Enable Control by GPI
When the GPIx are configured as output enable pins, the
enable logic of a specific regulator is an ‘OR’ logic of the
GPIx and the corresponding enable register bit (Mx_EN).
For example, if GPI0_FUNC[3:0] = 0001b, the buck
Master 1 enable is controlled by GPI0 and M1_EN bit.
In case the two GPIs are configured as the same enable
function (i.e., GPI0_FUNC[3:0] = GPI1_FUNC[3:0] =
0010b), those inputs are ORed with M2_EN bit.
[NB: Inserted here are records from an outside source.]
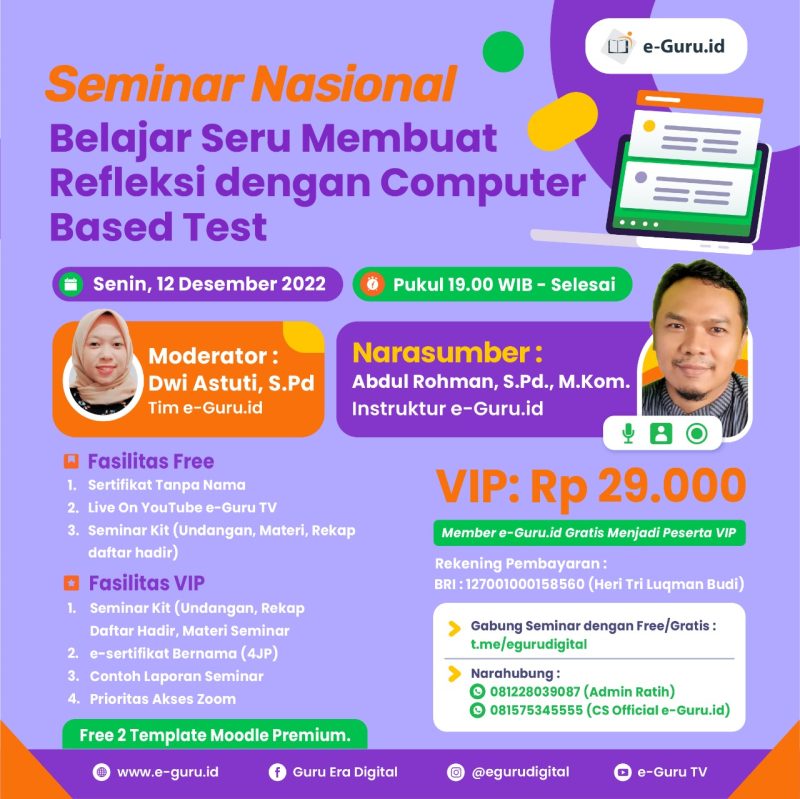 Yuk ikut Seminar Nasional Gratis Belajar Seru Membuat Refleksi dengan Computer Based Test. Daftar Sekarang di link pendaftaran berikut http://online.e-guru.id/aff/14894/2225/checkout
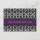 Direction card inserts for wedding in elegant and modern eggplant dark purple, black and white classic floral damask pattern. Customise these cards with your wedding directions or other information to be included with your wedding invitations, also perfect for anniversary parties or birthday parties. Available in a wide range of matching wedding products.
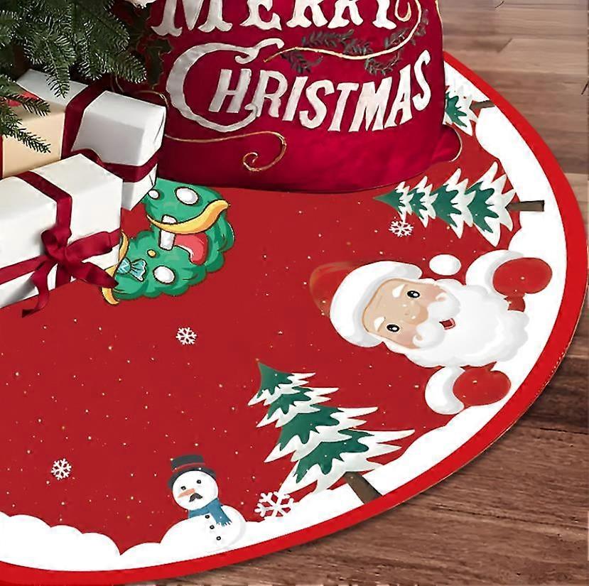 【Soft Material】The Christmas tree skirt is made of soft polyester, which is comfortable to touch and light in weight. Easy to store and use for many seasons to come. 【Perfect Christmas Touch】Our Christmas tree skirts are origional designed and vibrant printed. With a range of unique designs and colors, it will be a perfect christmas touch for any christmas decor theme. It will cover the stand of your christmas tree and any unsightly wires, to give your festive home an uncluttered look. 【Perfect Size】The Christmas tree skirt measures 48 inches/120 cm in diameter. This generous size not only conceals the tree stand but also enhances the overall appeal of your Christmas tree, making it look fuller and more attractive. 【Wide Application】Ideal for both indoor and outdoor Christmas decorations. Place it anywhere you desire - living room, bedroom, garden, bar, hotel, home, school, store, office, supermarket - creating a favorite tree skirt loved by both pets and kids during the winter Christmas season. Experience the joy of family togetherness. 【Easy to Clean】The Christmas tree skirt is easy to clean, you can wipe it with damp cloth or hand wash it, and then hang it to dry, which will save you a lot of time and effort. Christmas Tree Skirt: Our Christmas tree skirt is made of burlap with Christmas-related patterns, high quality, not easy to wear, add color to your Christmas atmosphere. Double-layer Design: Two layers of Christmas tree skirt (cotton and polyester), bright and colorful. Well-made, thick and durable, wrinkle-free, edge trimmed with black cloth, not easy to loosen, easy to put away and store. Anti-UV, anti-fading, can be used for many seasons. Easy to Use: Just put the Christmas tree skirt at the bottom of the tree and close it on the back with 2 Velcro closures, quick and easy to decorate, no ties required. Christmas Decoration: You can put the Christmas tree skirt anywhere you like, such as living room, bedroom, courtyard, bar, hotel, store, supermarket or other places. Multiple Style Selection: We have 14 style options, each style has 3 sizes, you can choose according to your needs.

GLB_EN
function (GPI0_FUNC[3:0] = 0000b) allows the host pro-
cessor to enable all the masters in sequence based on
STUP_DLYx registers. Note that M1 thru M4 are defined
by PH_CFG0, PH_CFG1 and PH_CFG2 inputs.
Low Power Mode by GPI
When GPIx are configured as low power mode enable
pins, the low power mode enable logic of a specific regula-
tor is an ‘OR’ logic of GPIx and the corresponding enable
register bit (Mx_LPM). For example, if GPI0_FUNC[3:0]
= 1011b, the buck Master 1 low power mode enable is
controlled by GPI0 and M1_LPM bit.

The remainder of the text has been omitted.